Chapter 20
From an-Nasiriyah to Tarawa
Living the Motto
By Jonathan Bernstein, Arms and Armor Curator
Featured artifacts: Relic, Helmet, M1 (2019.162.7); Relic, Canteen, M1942 (2019.162.11); and Relic, Cross, Cemetery (Name Post, Robert Hillard) (2019.162.23)
The U.S. Marine Corps motto Semper Fidelis (always faithful) has long been a touchstone to Marines both during and after their time in uniform. The concept of always being faithful to one’s country and comrades has gotten many Marines through some of the most difficult times they have ever faced. For some, the motto becomes part of their very being. Whether on the battlefield of an-Nasiriyah, Iraq, or facilitating the discovery and repatriation of long-missing U.S. servicemembers, retired Marine Corps sergeant major Justin D. LeHew has come to exemplify that motto.
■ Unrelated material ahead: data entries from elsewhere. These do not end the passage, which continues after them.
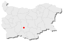 Map of Bulgaria, the red point is the position of Plovdiv.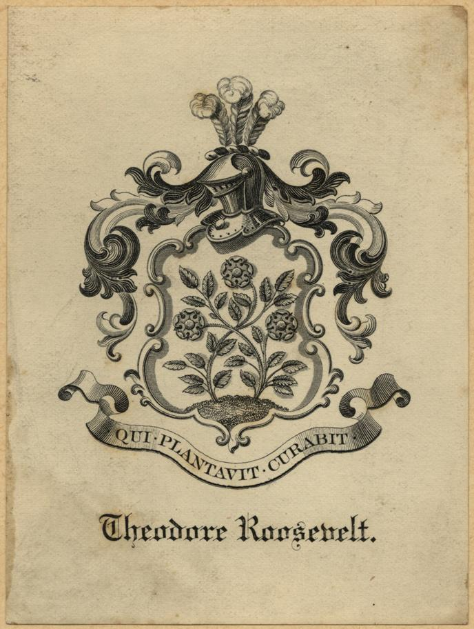 Armorial/Heraldic Bookplates. Subject: Armor; Floral; Foliage. Subject - Personal Name: Roosevelt, Theodore. Subject - Occupation: President of the United States; Historian; Author.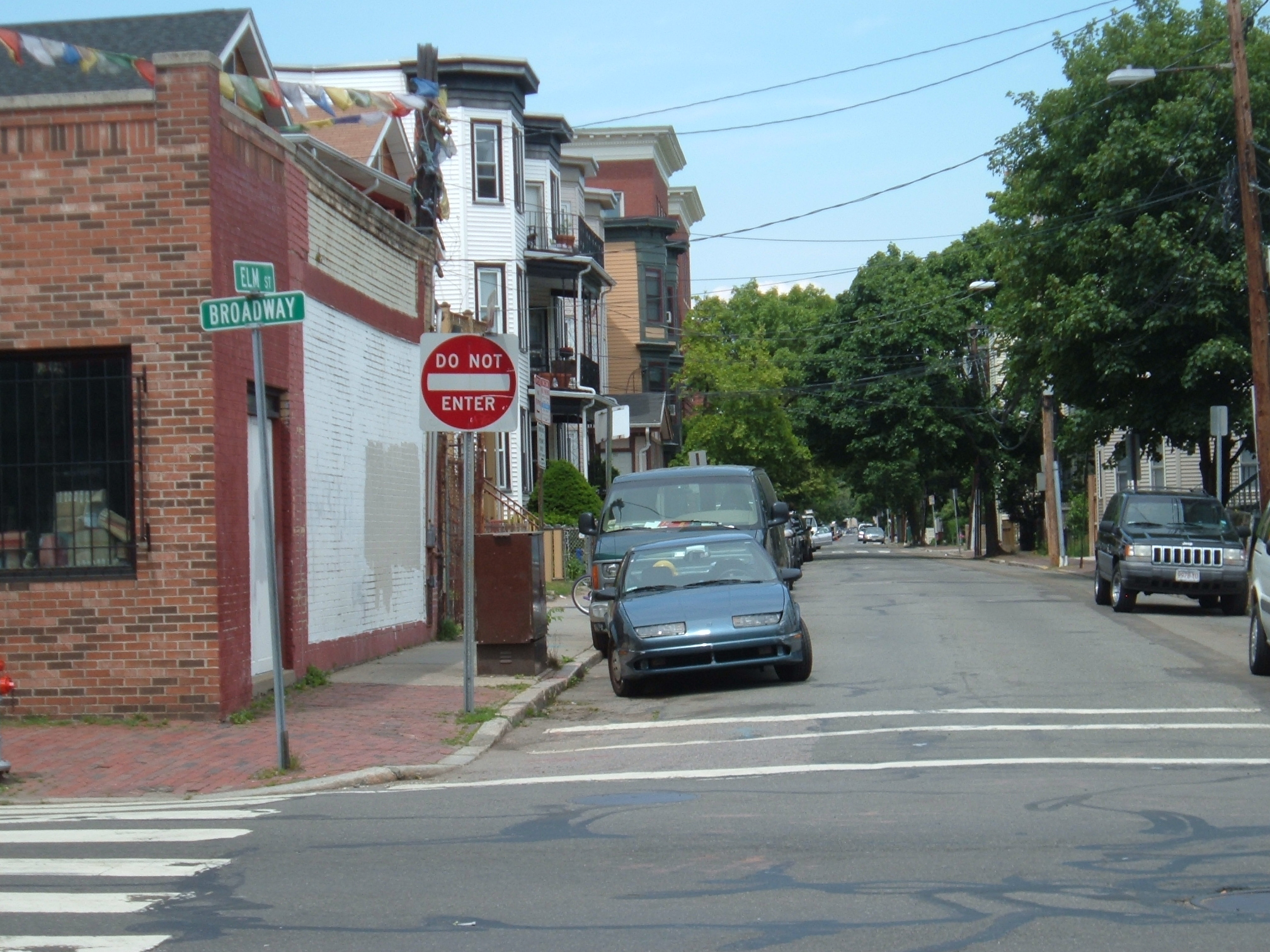 View of Elm Street at the corner of Broadway in Cambridge, Massachusetts, former proposed route of Interstate 695 (Massachusetts).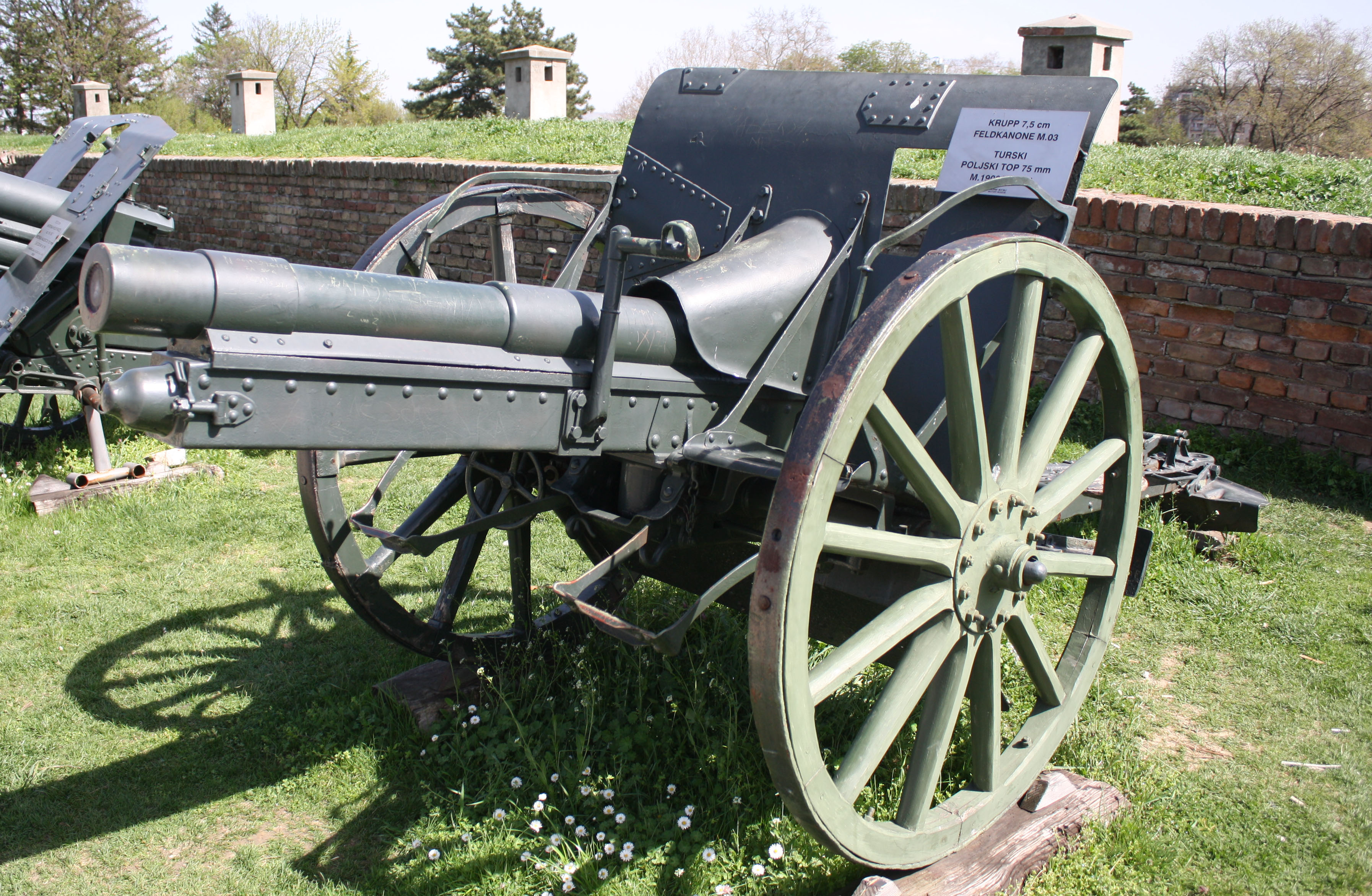 The Krupp 7.5cm Feldkanone M.03, part of Belgrade Military Museum outer exhibition at Kalemegdan fortress.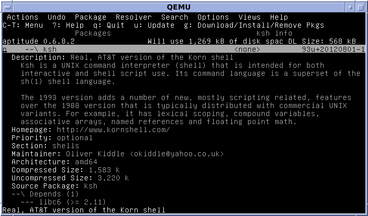 Viewing package details through "aptitude" on Debian GNU/Linux 7.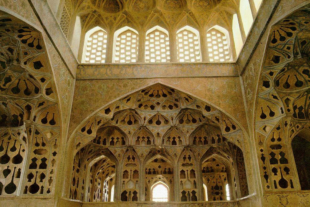 Iran_Isfahan_Ali.Qapu_Music_Room (17th century)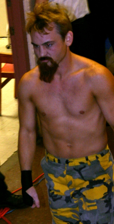 Spike Dudley during a WWE house show held in Kitchener, Ontario, Canada on January 15, 2005.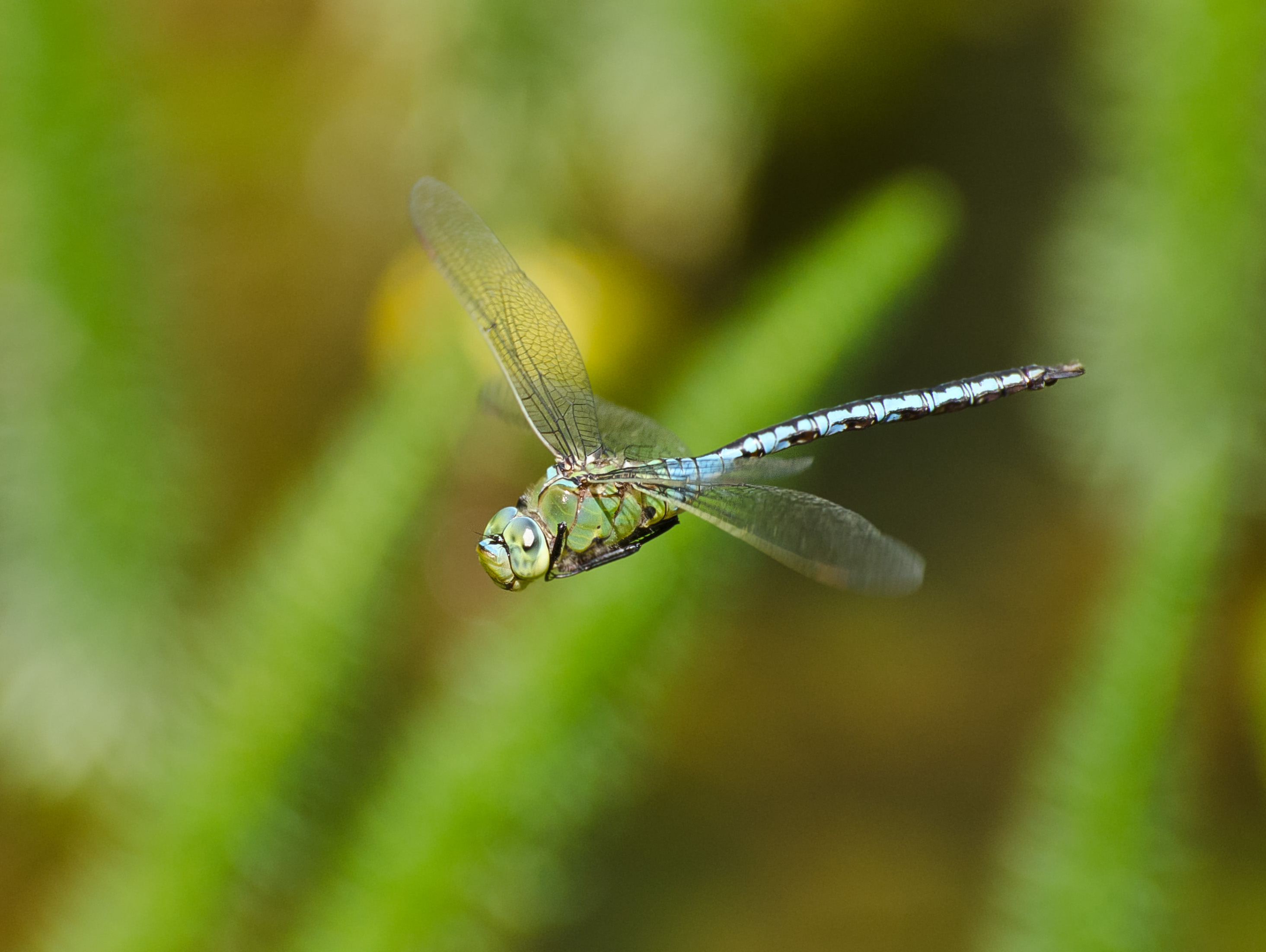 Blue Emperor (Anax imperator) in flight. Forest pond near Stuttgart, Germany.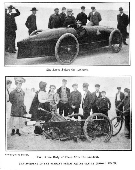 1906 World Speed Record Stanley Steamer, wrecked 1907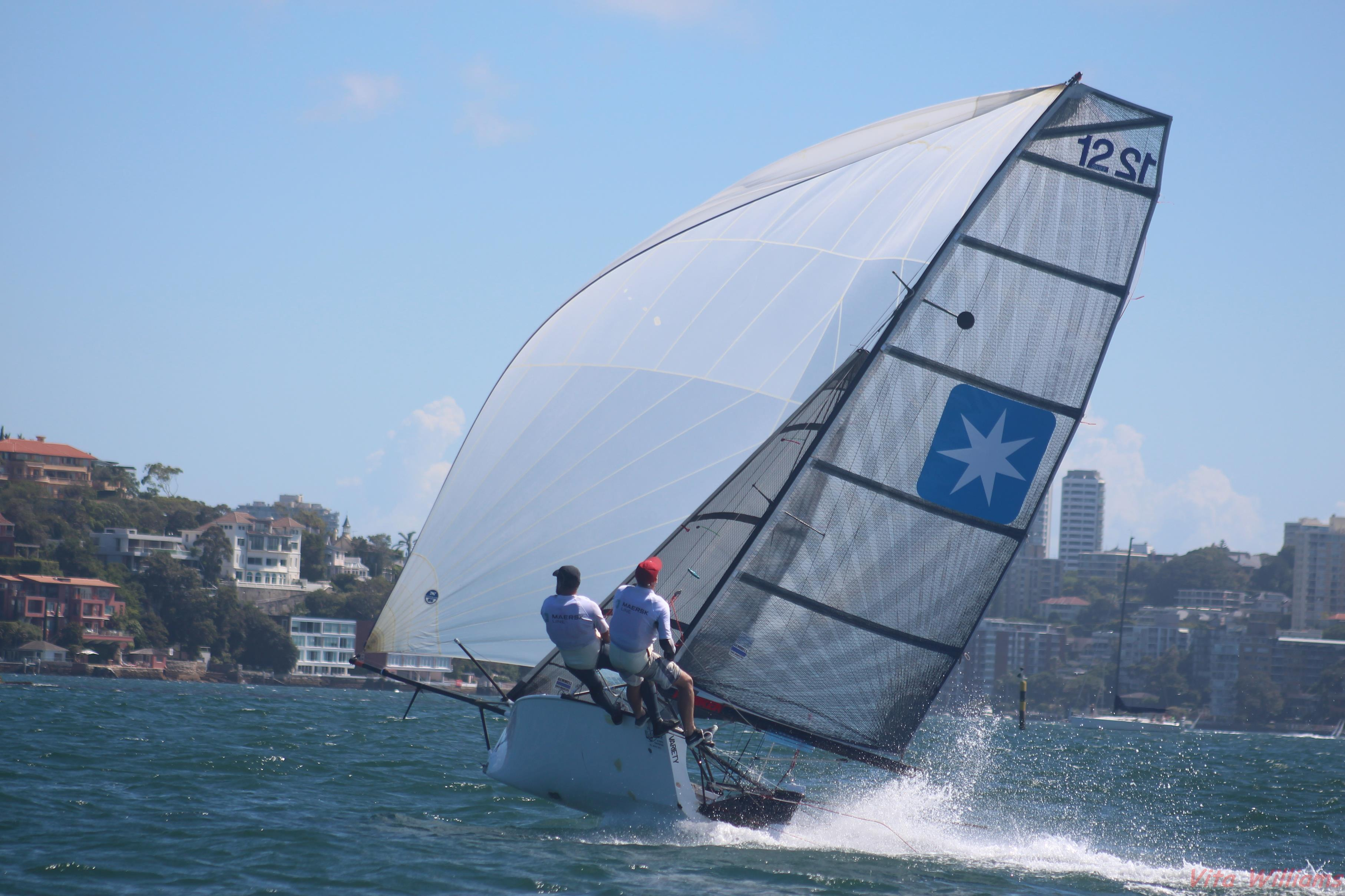 Maersk Line 12ft Skiff on Sydeny Harbour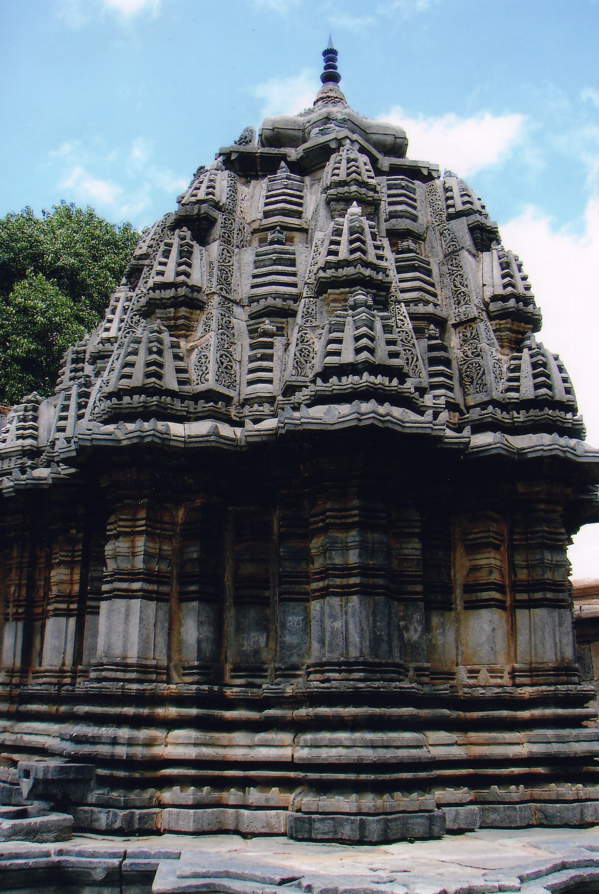 Close up of the vimana in Sadashiva Temple at Nuggehalli. Located in Sadashiva temple (also spelt Sadasiva) in Nuggihalli (or Nuggehalli) , Karnataka, India.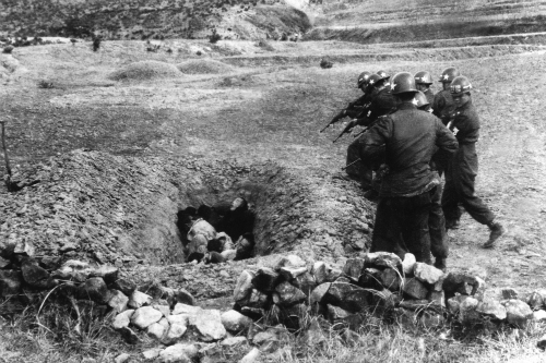 South Korean troops shoot political prisoners near Daegu, South Korea in April 1951. (AP/National Archives/U.S. Army)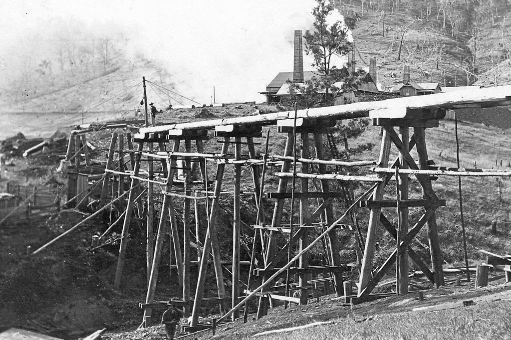 Construction of the tramway at Cangai Copper Mine. It was opened in 1911, extended in 1912 and closed in 1917. It was over four miles long and transported firewood into the smelters to heat the furnaces.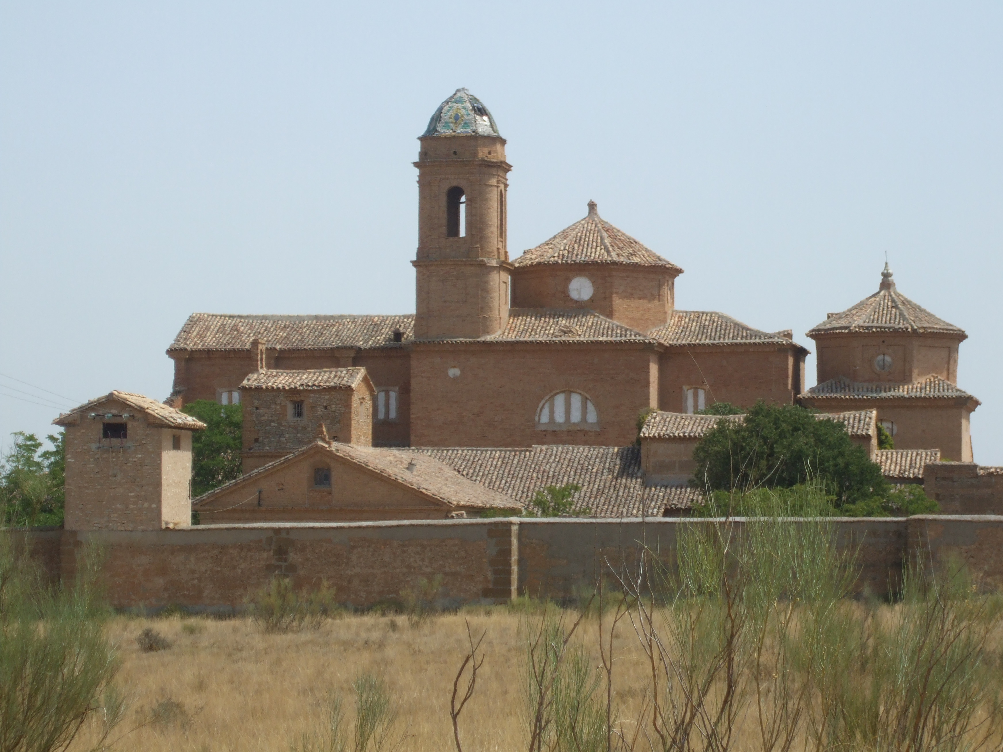 Cartuja de las Fuentes between Sariñena and Lanaja, Aragon Region, Spain, view from a westerly direction: The main tower shows clearly some damages, which were supposedly inflicted upon the building by a crashing German aircraft during the Spanish civil war. Although sources are contradicting it may well be that it was damaged on April 4th, 1938 by one of two Jagdgruppe 88 Messerschmitt Bf 109B (6-20 and 6-21), which were involved in a mid-air collision upon their final approach to Lanaja airfield.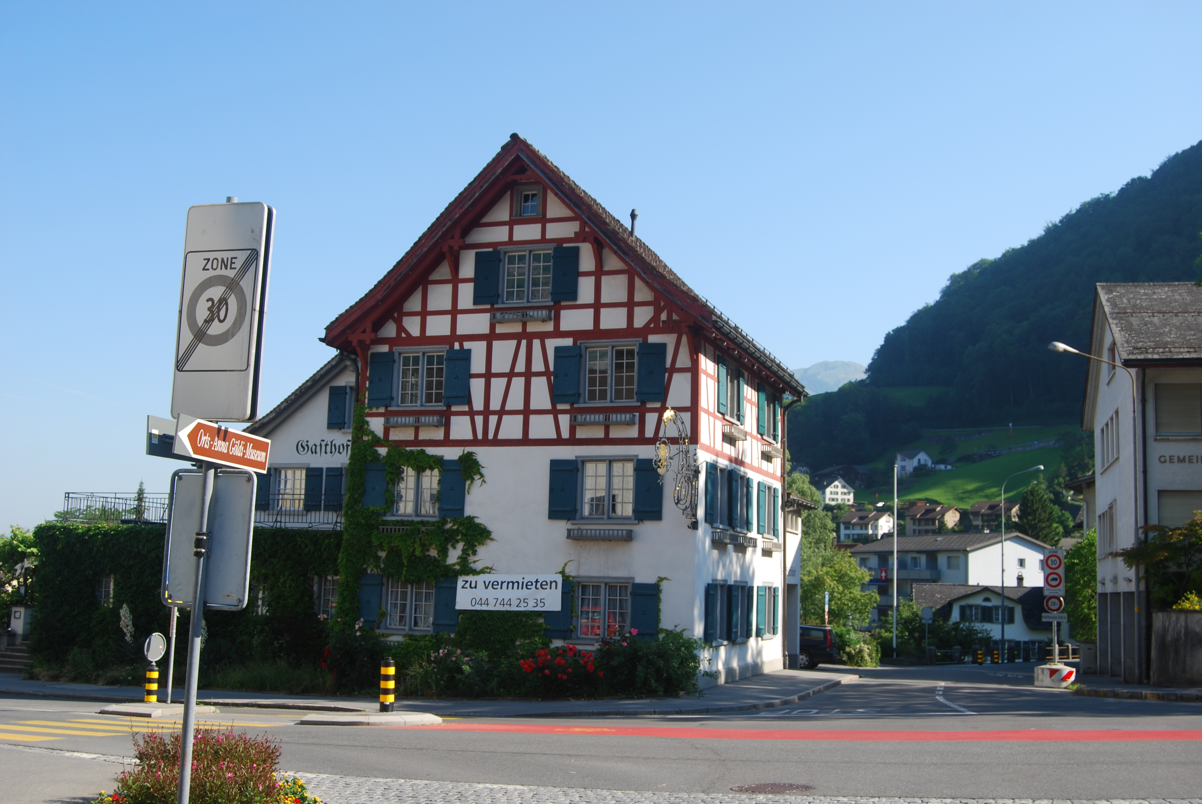 Timber framing house at Mollis, canton of Glarus, SwitzerlandEsperanto: Faktrabdomo en Mollis, Kantono Glaruso, Svislando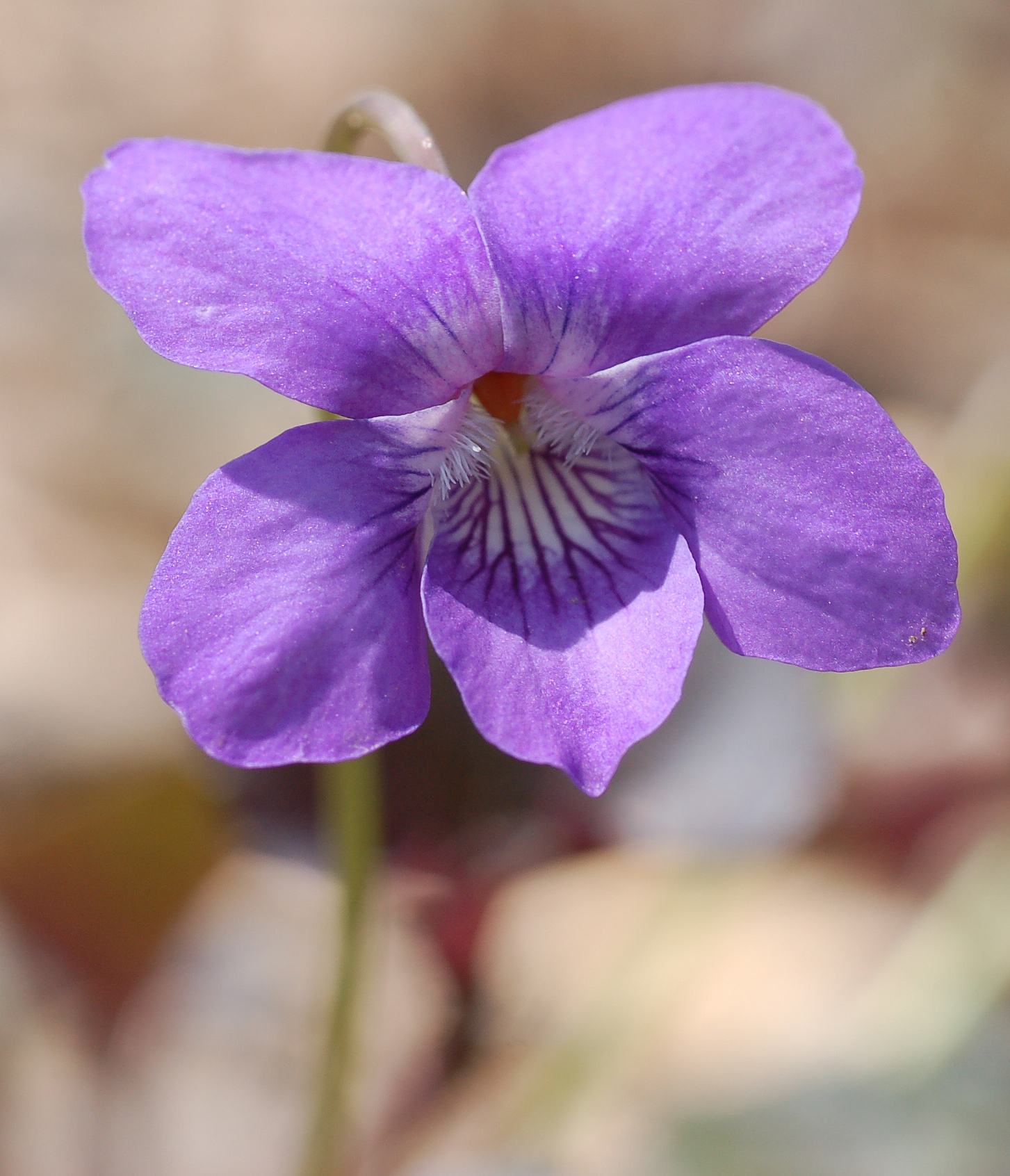 Photograph of a flower of the Alpine Violeten (Viola labradorica en ). Photo taken at the Mt. Cuba Center where it was identified.

LeHew enlisted in the Marine Corps in the summer of 1988 and upon graduation from boot camp was sent to Marine Corps Base Camp Pendleton, California, to attend the Assault Amphibian School. His first 18 months in the Corps were spent on deployments to Okinawa, South America, and Saudi Arabia during Operation Desert Shield (2 August 1990–17 January 1991), all as a member of the 2d Assault Amphibian Battalion.
The 2d Assault Amphibian Battalion provided the mobility for two of the 2d Marine Division’s infantry regiments and the division’s combat engineers. Lance Corporal LeHew crewed one of the battalion’s AAVP7A1 assault amphibious vehicles (AAV) as they rolled northward into Iraqi-occupied Kuwait at 0530 on 24 February 1991, the opening of the ground campaign in Operation Desert Storm (17 January–28 February 1991). The 1st and 2d Marine Division moved northward, breaching the defensive berm just north of the border and clearing paths through Iraqi minefields and obstacles as they went. At a press briefing on 27 February, as the ground campaign came to a close, the commander of U.S. Central Command, U.S. Army general H. Norman Schwarzkopf Jr., praised the Marine divisions for their race north: “I can’t say enough about the two Marine divisions. If I use words like “brilliant” it would be an underdescription of the absolutely superb job that they did in breaching the so-called impenetrable barrier. . . . It was a classic . . . absolutely superb operation, a textbook, and I think it will be studied for many, many years to come as the way to do it.”[1]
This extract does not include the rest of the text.